As a teenager, I got most of my political news from the headlines of the Record American newspaper. The tabloid had graphic photos and attention-grabbing headlines that made me want to read the stories inside. And this was way before the internet. 

I remember sitting in the barber’s chair, not really paying attention to the black-and-white television with the rabbit ear antenna that was playing in the background. The barber stopped cutting my hair and was staring at the television. I looked at the screen and saw an embattled President Nixon reading his resignation speech. The president of our country was stepping down after months of political pressure. This was a momentous event at the time as it had never happened before in the history of the United States. A somber looking President Nixon was telling the American people he didn’t want to leave office but, “The interest of the nation must always come before any personal considerations.” My how times have changed.

I was too young to grasp the gravity of the situation, but I could tell something big was happening. Time stood still in the barber shop. The barber was in a frozen pose with comb and scissors in hand above my head. Waiting customers who sat while flipping through magazines stopped and stared at the television screen. Everyone wondered what was going to happen next.

In those days, it was a huge event when the president appeared on television to address the nation. It was a sign that something important was happening, and it was usually not good. There was no 24-hour news cycle back then. The public had a day to digest news stories before all the facts were printed in the newspaper the next morning. Facts were checked before stories were released for publication. Editors were held accountable (something unheard of on the internet).

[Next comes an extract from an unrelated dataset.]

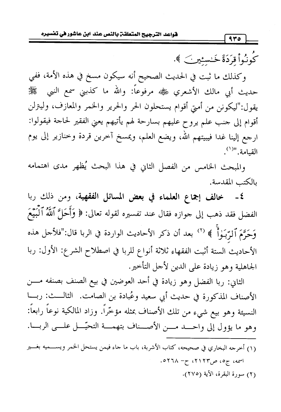كتاب قواعد الترجيح المتعلقة بالنص عند ابن عاشور في تفسيره التحرير والتنوير
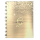 A trendy design of faux brushed gold metal background and gold glitter with gold monogram and black script name.

Imagine a time when people on the street had discussions about news stories and explored all the angles before forming opinions. The world was better off with a little breathing room between catastrophes.

Today’s instantaneous unfolding of political events in “real time” on the internet is comparable to being hit over the head with a sledgehammer every hour. There is no thinking, only reacting. I wanted to write about this year’s inauguration day. Unfortunately, even though the event is happening today, there’s no telling what will happen. And whatever I write about will be already bumped from the headlines by whatever happens next. 

Instead, I chose to go back in time to recall memories of an earlier time in our history, when grave situations still happened and horrific events captured the headlines. There were moments when our country stood still collectively while we caught our breath. Back then we were one nation, under God (which I’m not sure I’m even supposed to say because it might offend someone).

America has been through so much in its very short history. This past year alone the word “unprecedented” has been used so many times, it’s lost all meaning. There’s no time to be shocked at anything anymore. Life happens fast in today’s world. Even though there’s no going back, I’m glad I’ve held onto memories of a simpler time. Reflecting on the past is the one advantage of growing older. Learning from the past seems to be much more difficult.